▶ _EXTRACTED DATA_:
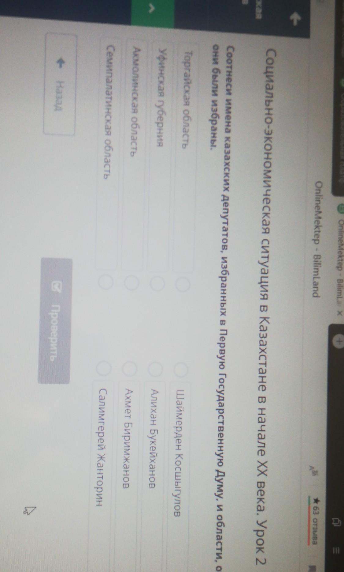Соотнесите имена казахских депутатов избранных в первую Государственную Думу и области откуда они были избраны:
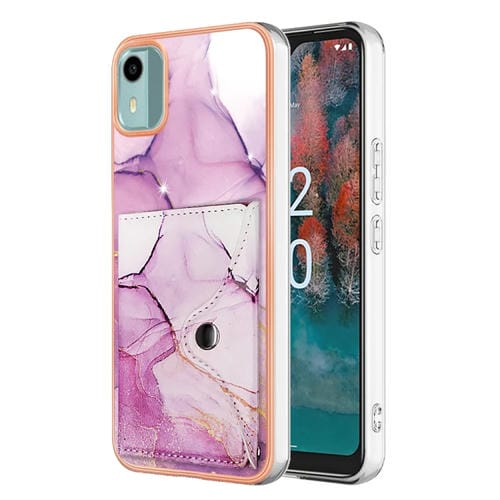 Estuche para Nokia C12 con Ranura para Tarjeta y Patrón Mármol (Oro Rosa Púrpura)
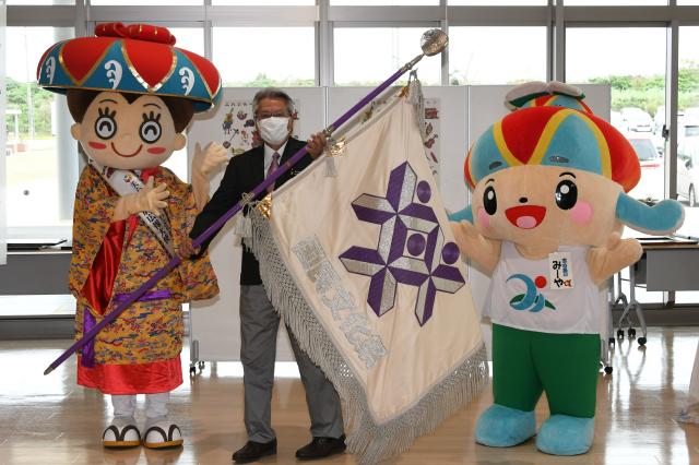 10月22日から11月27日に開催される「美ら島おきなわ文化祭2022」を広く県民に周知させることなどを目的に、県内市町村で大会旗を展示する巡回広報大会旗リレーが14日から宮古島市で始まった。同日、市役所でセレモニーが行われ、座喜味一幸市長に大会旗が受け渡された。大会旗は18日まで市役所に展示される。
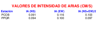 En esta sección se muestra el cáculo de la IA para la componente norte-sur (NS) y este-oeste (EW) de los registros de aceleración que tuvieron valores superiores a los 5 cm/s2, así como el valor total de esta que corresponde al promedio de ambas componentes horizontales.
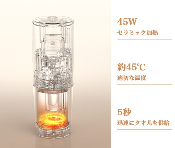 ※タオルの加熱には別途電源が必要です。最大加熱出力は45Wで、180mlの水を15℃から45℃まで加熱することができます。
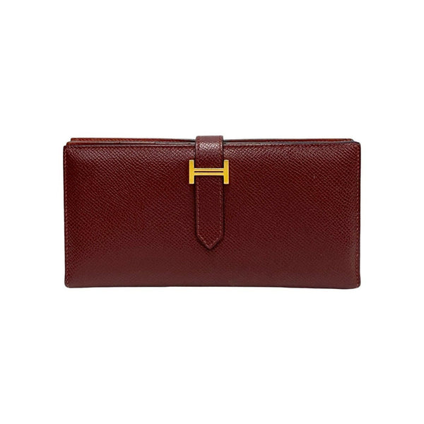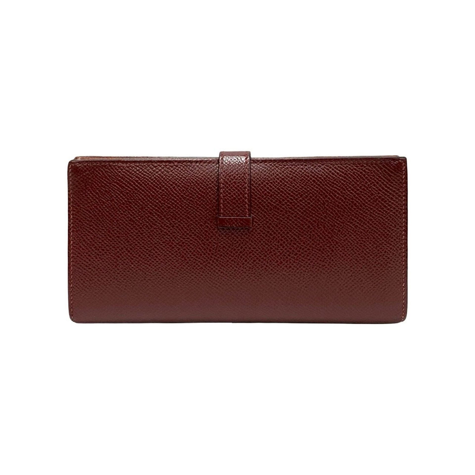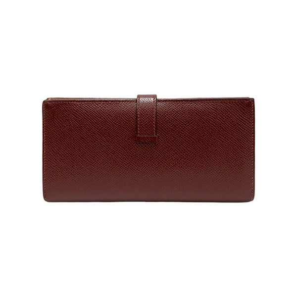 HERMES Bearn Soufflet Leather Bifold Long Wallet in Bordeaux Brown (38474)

==

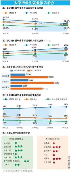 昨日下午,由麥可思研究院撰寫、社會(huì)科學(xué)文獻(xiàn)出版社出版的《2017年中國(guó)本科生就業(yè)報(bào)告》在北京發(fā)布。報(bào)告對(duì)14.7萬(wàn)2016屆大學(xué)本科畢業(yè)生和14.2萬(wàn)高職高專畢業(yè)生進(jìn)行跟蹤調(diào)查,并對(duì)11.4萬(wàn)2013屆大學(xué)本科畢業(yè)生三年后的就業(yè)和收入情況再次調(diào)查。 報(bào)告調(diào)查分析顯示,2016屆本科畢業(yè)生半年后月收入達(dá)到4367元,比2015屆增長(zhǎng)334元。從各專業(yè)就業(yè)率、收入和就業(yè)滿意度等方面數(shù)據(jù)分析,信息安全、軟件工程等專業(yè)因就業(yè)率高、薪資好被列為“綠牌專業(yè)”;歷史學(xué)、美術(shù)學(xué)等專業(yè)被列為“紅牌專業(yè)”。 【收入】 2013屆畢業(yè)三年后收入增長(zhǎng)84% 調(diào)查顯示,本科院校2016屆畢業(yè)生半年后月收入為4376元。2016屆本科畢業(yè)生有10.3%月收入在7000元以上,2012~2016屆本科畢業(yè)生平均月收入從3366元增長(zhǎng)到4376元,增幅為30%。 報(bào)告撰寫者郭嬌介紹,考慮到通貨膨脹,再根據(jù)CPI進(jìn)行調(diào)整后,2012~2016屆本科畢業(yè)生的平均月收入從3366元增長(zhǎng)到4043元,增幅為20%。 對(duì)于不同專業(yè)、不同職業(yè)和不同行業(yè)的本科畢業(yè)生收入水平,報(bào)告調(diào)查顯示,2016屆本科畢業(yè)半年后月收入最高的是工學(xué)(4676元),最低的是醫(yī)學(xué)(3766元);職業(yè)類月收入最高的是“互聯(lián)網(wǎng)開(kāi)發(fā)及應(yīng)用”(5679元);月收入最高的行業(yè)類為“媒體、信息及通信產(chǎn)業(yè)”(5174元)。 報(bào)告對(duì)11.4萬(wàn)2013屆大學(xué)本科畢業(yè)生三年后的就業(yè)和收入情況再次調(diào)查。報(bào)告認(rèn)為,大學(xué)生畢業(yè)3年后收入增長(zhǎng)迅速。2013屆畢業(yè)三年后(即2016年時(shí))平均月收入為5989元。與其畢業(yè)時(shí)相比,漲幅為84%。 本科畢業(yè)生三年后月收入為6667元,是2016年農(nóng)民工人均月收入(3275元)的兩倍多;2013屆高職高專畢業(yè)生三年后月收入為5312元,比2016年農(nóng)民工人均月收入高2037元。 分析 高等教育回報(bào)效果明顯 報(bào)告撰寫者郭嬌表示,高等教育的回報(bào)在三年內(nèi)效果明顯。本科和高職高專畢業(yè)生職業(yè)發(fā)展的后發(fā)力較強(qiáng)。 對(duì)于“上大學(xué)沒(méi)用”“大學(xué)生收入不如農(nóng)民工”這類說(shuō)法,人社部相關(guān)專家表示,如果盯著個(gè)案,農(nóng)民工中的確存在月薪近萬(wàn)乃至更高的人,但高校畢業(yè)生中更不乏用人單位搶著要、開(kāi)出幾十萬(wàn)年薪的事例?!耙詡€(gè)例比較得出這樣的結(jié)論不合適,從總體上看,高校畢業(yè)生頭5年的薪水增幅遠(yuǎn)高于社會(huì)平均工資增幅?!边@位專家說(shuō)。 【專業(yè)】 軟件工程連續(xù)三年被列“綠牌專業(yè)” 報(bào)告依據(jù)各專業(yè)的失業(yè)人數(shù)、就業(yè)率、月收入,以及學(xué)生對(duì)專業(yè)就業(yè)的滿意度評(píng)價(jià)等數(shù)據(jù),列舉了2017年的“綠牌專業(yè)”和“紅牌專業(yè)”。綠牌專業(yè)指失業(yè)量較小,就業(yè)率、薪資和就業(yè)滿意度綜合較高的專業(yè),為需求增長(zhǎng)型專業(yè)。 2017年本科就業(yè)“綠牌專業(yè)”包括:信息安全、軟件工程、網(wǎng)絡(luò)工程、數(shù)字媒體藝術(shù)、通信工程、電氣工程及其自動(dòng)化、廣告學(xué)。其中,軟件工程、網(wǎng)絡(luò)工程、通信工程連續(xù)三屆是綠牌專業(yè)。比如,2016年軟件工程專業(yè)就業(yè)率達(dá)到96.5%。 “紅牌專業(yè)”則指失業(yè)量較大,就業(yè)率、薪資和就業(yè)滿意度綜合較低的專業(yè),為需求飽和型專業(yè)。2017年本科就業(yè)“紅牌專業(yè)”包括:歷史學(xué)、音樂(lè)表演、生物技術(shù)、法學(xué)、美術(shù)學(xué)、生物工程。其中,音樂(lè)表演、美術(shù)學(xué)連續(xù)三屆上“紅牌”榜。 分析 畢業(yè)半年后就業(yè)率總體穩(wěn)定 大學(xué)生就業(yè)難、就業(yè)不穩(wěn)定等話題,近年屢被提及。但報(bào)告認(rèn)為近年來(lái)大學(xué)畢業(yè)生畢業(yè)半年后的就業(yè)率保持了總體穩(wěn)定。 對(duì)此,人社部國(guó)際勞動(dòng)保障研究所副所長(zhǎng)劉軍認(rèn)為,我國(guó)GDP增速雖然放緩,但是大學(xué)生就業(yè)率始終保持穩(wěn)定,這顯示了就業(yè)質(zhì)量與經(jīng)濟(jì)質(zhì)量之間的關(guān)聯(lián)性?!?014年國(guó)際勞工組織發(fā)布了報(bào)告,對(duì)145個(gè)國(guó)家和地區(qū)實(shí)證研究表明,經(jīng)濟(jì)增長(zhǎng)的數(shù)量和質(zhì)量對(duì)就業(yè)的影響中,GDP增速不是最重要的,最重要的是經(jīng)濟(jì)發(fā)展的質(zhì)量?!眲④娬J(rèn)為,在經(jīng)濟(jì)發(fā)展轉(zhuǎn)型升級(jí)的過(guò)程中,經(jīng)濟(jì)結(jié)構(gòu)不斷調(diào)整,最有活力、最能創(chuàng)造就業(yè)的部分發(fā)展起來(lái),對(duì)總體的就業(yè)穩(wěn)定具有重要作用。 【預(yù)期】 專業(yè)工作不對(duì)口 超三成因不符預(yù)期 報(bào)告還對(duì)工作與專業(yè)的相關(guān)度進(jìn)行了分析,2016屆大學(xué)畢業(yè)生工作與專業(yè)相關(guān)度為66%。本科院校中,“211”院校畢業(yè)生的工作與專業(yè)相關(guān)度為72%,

▶ _TASK PROMPT_: Taking the records above, print only and exactly the lines from the line with "Estuche para Nokia" to the line with "HERMES Bearn Soufflet", both kept, and exclude pictures.

▶ _ANSWER SPACE_:
 Estuche para Nokia C12 con Ranura para Tarjeta y Patrón Mármol (Oro Rosa Púrpura)
 10月22日から11月27日に開催される「美ら島おきなわ文化祭2022」を広く県民に周知させることなどを目的に、県内市町村で大会旗を展示する巡回広報大会旗リレーが14日から宮古島市で始まった。同日、市役所でセレモニーが行われ、座喜味一幸市長に大会旗が受け渡された。大会旗は18日まで市役所に展示される。
 En esta sección se muestra el cáculo de la IA para la componente norte-sur (NS) y este-oeste (EW) de los registros de aceleración que tuvieron valores superiores a los 5 cm/s2, así como el valor total de esta que corresponde al promedio de ambas componentes horizontales.
 ※タオルの加熱には別途電源が必要です。最大加熱出力は45Wで、180mlの水を15℃から45℃まで加熱することができます。
 HERMES Bearn Soufflet Leather Bifold Long Wallet in Bordeaux Brown (38474)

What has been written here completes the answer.